Addition And Subtraction Of Algebraic Fractions

Let’s understand this with the help of some examples:

 

Question 1: 

Solve  \(\begin{align*} \frac{1}{4} +  \frac {2}{3} \end{align*} \)

 

Solution: 

Firstly, we need to make the denominator the same.

The lowest common multiple(LCM) of \(\begin{align*} 4 \end{align*}\) and \(\begin{align*} 3 \end{align*}\) is \(\begin{align*} 12 \end{align*}\)

So, multiply \(\begin{align*} 3 \end{align*}\) to the numerator and denominator of \(\begin{align*} \frac{1}{4} \end{align*}\) and multiply \(\begin{align*} 4 \end{align*}\) to the numerator and denominator of \(\begin{align*} \frac{2}{3} \end{align*}\).

  \(\begin{align*} \frac{1}{4} +  \frac {2}{3} &= \frac{3}{12} + \frac{8}{12} \\ &= \frac{11}{12}  \end{align*}\)

 

 

Join, Expand And Simplify Linear Expressions With Fractional Coefficients

 

Question 2:

  1. Express \(\begin{align*} \frac{x}{3} + \frac{x+1}{5} \end{align*}\) as a single fraction in the simplest form.

 

Solution: 

Step 1: Join to get \(\begin{align*} \frac{5 \;(x)\;+\;3\;(x+1)}{15} \end{align*}\).

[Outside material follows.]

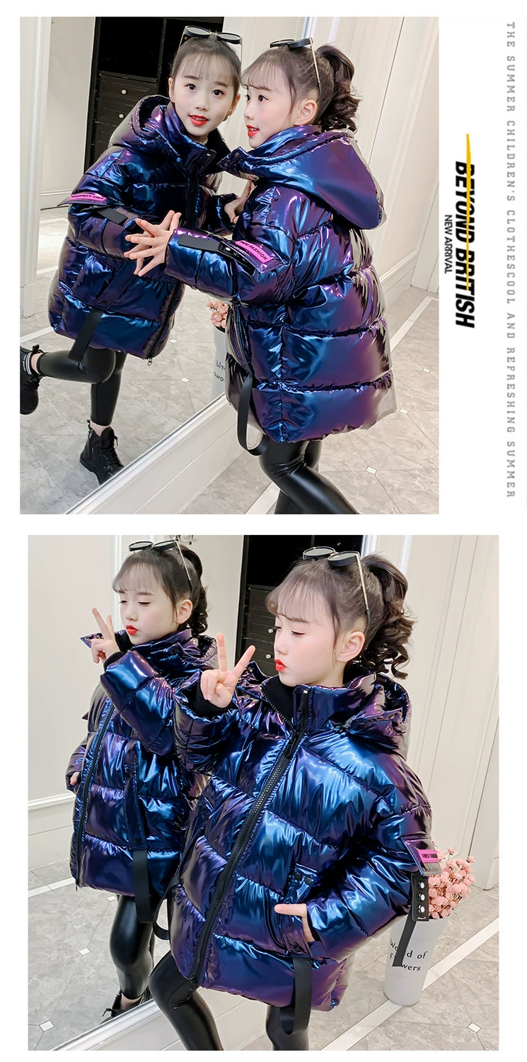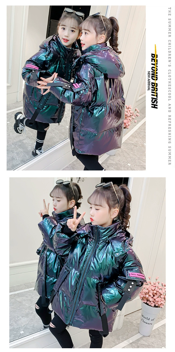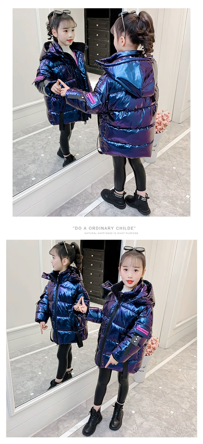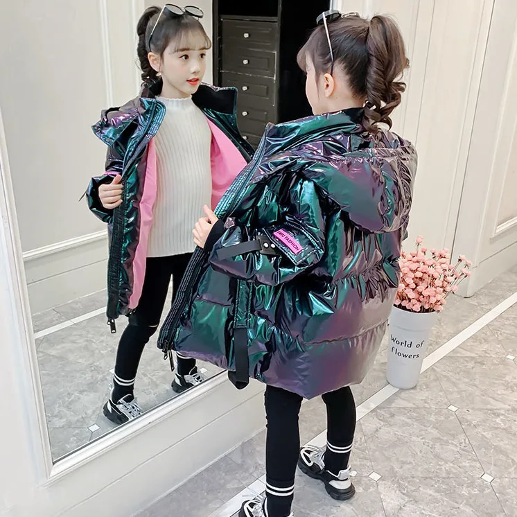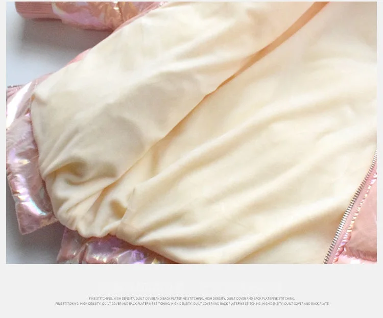 Глянцевый Детский пуховик Модная одежда с буквенным принтом на хлопковой подкладке для мальчиков и девочек, легкая одежда Детские пальто с капюшоном
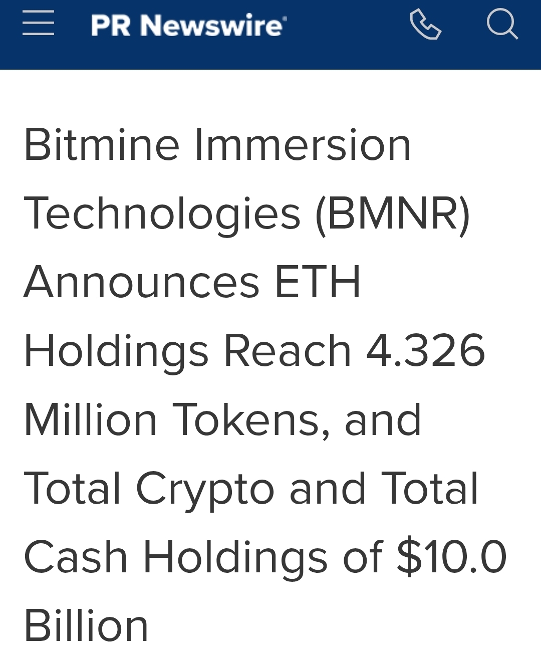 비트마인(BitMine), 이더리움 추가 매수로 보유량 432만 개 돌파… 전체 공급량 3.58% 확보

Step 2: Expand the terms in the numerator to get \(\begin{align*} \frac{5x \;+\;3x \;+\;3}{15} \end{align*}\).

Step 3: Simplify the numerator to get \(\begin{align*} \frac{8x \;+\;3}{15} \end{align*}\).

 

 

  1. Express  \(\begin{align*} \frac{3y}4- \frac{y\;-\;1}6 \end{align*}\) as a single fraction in the simplest form.

 

Solution:

\(\begin{align*} \frac{3y}{4} - \frac{y-1}{6} &=  \frac{3(3y)- 2(y-1)}{12} && \text{..... Join} \\ &= \frac{9y-2y+2}{12} && \text{..... Expand} \\ &= \frac{7y+2}{12} && \text{..... Simplify} \end{align*}\)

 

 

Question 3: 

Express each of the following as a fraction in its simplest form.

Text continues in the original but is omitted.